[COLLECTED MATERIAL Boundary: Start]

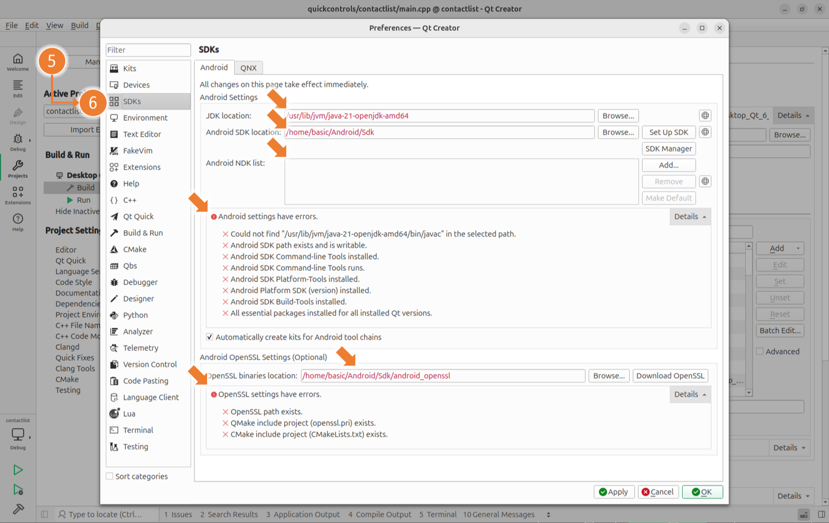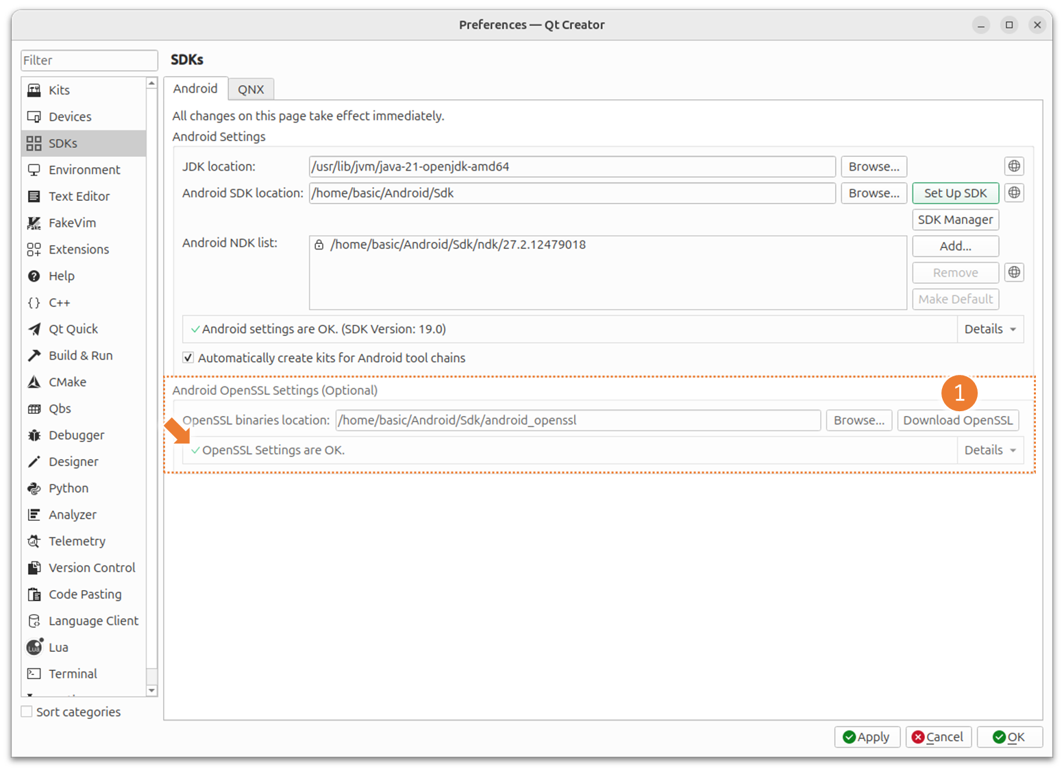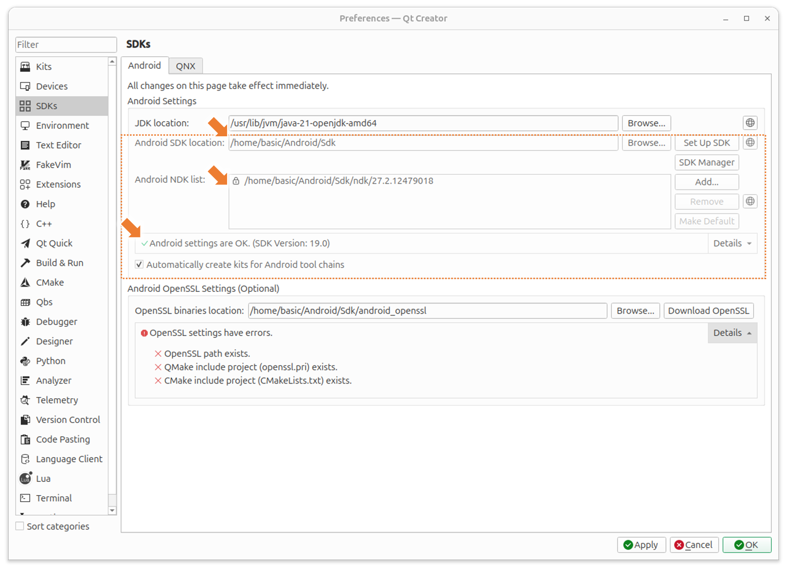 2. Qt Creator 에서 SDK 설정 (우분투)
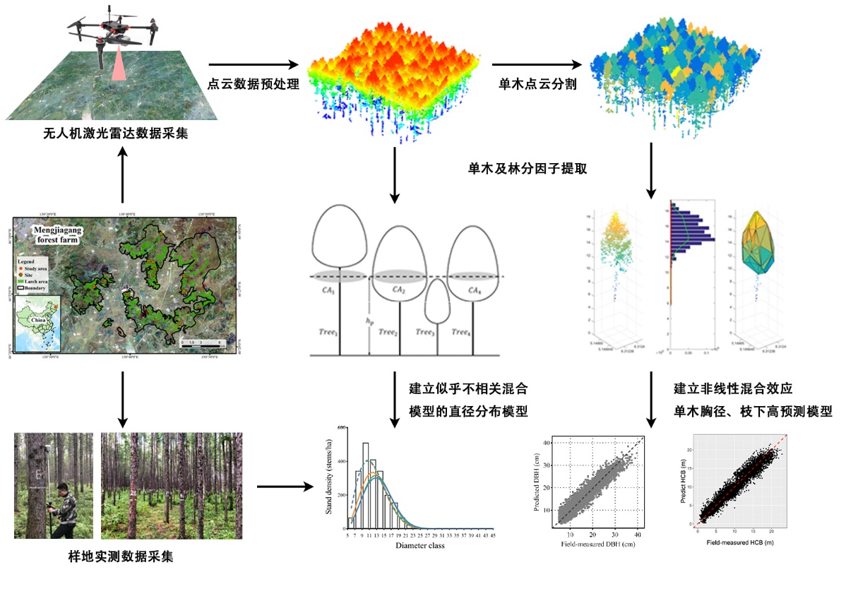 直径分布是反映森林历史干扰和未来长势的重要结构特征,也是评估林分经济利用价值和经济效益的重要依据。受限于单木遥感探测方法的不确定性,团队从林分结构视角出发,运用无人机遥感平台搭载激光雷达传感器,获取林分水平下激光雷达特征因子模拟长白落叶松人工林直径分布。研究构建了含有混合效应的似乎不相关模型,通过相对易测的林分密度指标对模型进行局部校准,提升了模型的预测效果和在不同区域应用的可移植能力。此项研究是该团队使用无人机激光雷达遥感手段继预测单木直径后的又一突破,为实现碳中和目标形势下了解和掌握森林空间结构信息迈进了扎实一步。
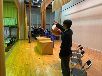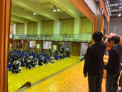 全校生徒の前で堂々と話す姿勢がかっこいいですね。(平野)
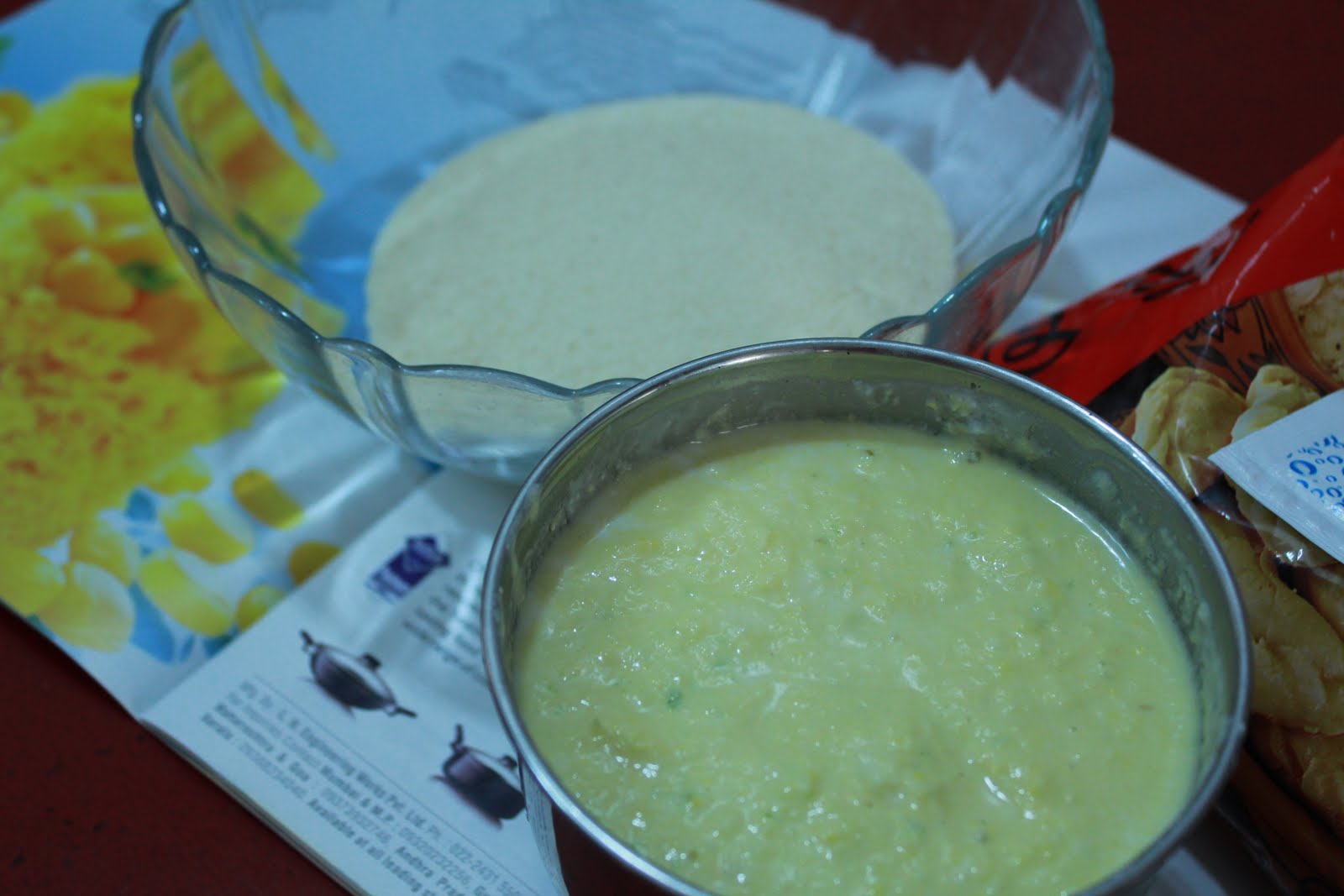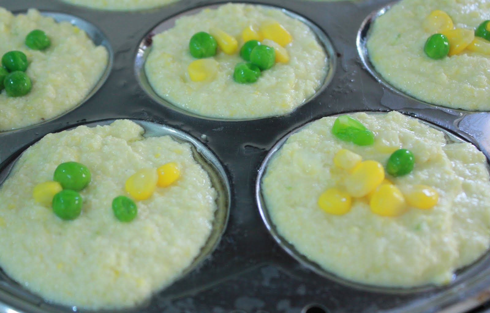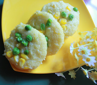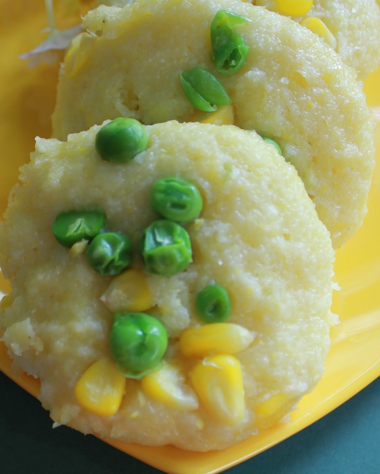 I am always on a lookout to try steamed and low cal recipes,while going through the ‘march-april’2011 issue of ‘Cooking &more’ spotted instant corn dhoklas,tried them instantly.I did not make any changes in the recipe except that I steamed them in idli moulds instead of muffin moulds n garnished them with frozen peas n corn.

[COLLECTED MATERIAL Boundary: End]

§ DIRECTIONS FOR THIS TASK
Please print the data above once more, exactly as it appears, with no pictures.

§ ANSWER AREA
 2. Qt Creator 에서 SDK 설정 (우분투)
 直径分布是反映森林历史干扰和未来长势的重要结构特征,也是评估林分经济利用价值和经济效益的重要依据。受限于单木遥感探测方法的不确定性,团队从林分结构视角出发,运用无人机遥感平台搭载激光雷达传感器,获取林分水平下激光雷达特征因子模拟长白落叶松人工林直径分布。研究构建了含有混合效应的似乎不相关模型,通过相对易测的林分密度指标对模型进行局部校准,提升了模型的预测效果和在不同区域应用的可移植能力。此项研究是该团队使用无人机激光雷达遥感手段继预测单木直径后的又一突破,为实现碳中和目标形势下了解和掌握森林空间结构信息迈进了扎实一步。
 全校生徒の前で堂々と話す姿勢がかっこいいですね。(平野)
 I am always on a lookout to try steamed and low cal recipes,while going through the ‘march-april’2011 issue of ‘Cooking &more’ spotted instant corn dhoklas,tried them instantly.I did not make any changes in the recipe except that I steamed them in idli moulds instead of muffin moulds n garnished them with frozen peas n corn.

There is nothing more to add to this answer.